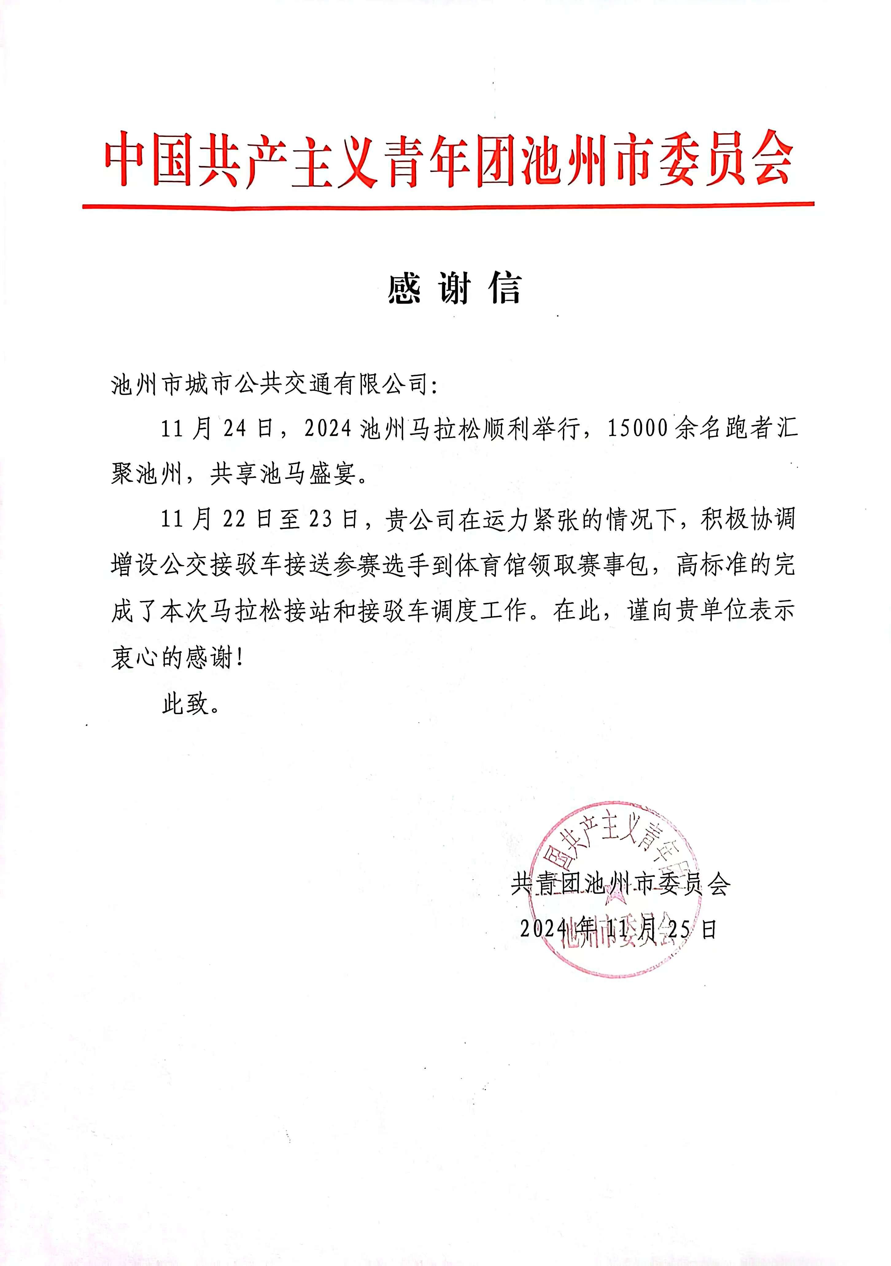 11月22日至24日,池州市城市公交累計(jì)投入馬拉松服務(wù)運(yùn)力94臺(tái),累計(jì)發(fā)出班次331個(gè),累計(jì)服務(wù)乘客約1.1萬(wàn)人次。這些數(shù)據(jù)背后,是池州市城市公交對(duì)池馬“馬”力全開(kāi)的支持。此次馬拉松的志愿服務(wù)工作展示了城市公交優(yōu)良的工作作風(fēng),受到了共青團(tuán)池州市委、池州馬拉松組委會(huì)的表?yè)P(yáng)和廣大參賽選手的充分認(rèn)可。未來(lái),我們將繼續(xù)秉承志愿精神,不斷提升自己的專業(yè)素養(yǎng)和服務(wù)能力!
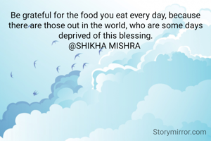 Be grateful for the food you eat every day, because there are those out in the world, who are some days deprived of this blessing.
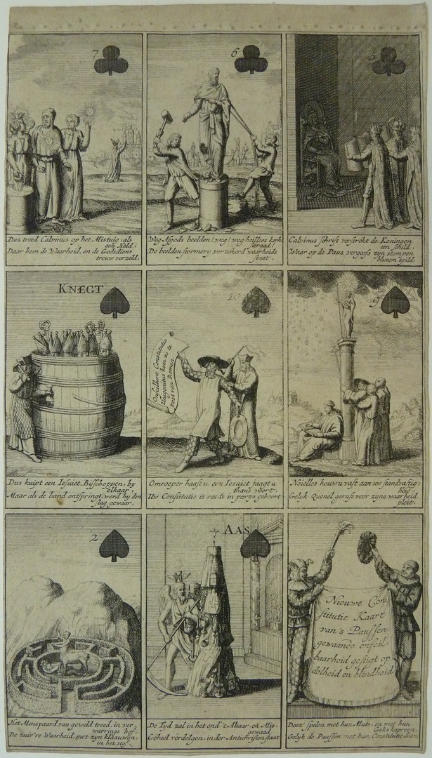 'Roomse onfeylbaarheyd word hier naar eys vertoond' serie (6) spotprenten als speelkaarten

- The problem:
Exclude the pictures, and transcribe all of the material exactly.

- Task solution:
 11月22日至24日,池州市城市公交累計(jì)投入馬拉松服務(wù)運(yùn)力94臺(tái),累計(jì)發(fā)出班次331個(gè),累計(jì)服務(wù)乘客約1.1萬(wàn)人次。這些數(shù)據(jù)背后,是池州市城市公交對(duì)池馬“馬”力全開(kāi)的支持。此次馬拉松的志愿服務(wù)工作展示了城市公交優(yōu)良的工作作風(fēng),受到了共青團(tuán)池州市委、池州馬拉松組委會(huì)的表?yè)P(yáng)和廣大參賽選手的充分認(rèn)可。未來(lái),我們將繼續(xù)秉承志愿精神,不斷提升自己的專業(yè)素養(yǎng)和服務(wù)能力!
 Be grateful for the food you eat every day, because there are those out in the world, who are some days deprived of this blessing.
 'Roomse onfeylbaarheyd word hier naar eys vertoond' serie (6) spotprenten als speelkaarten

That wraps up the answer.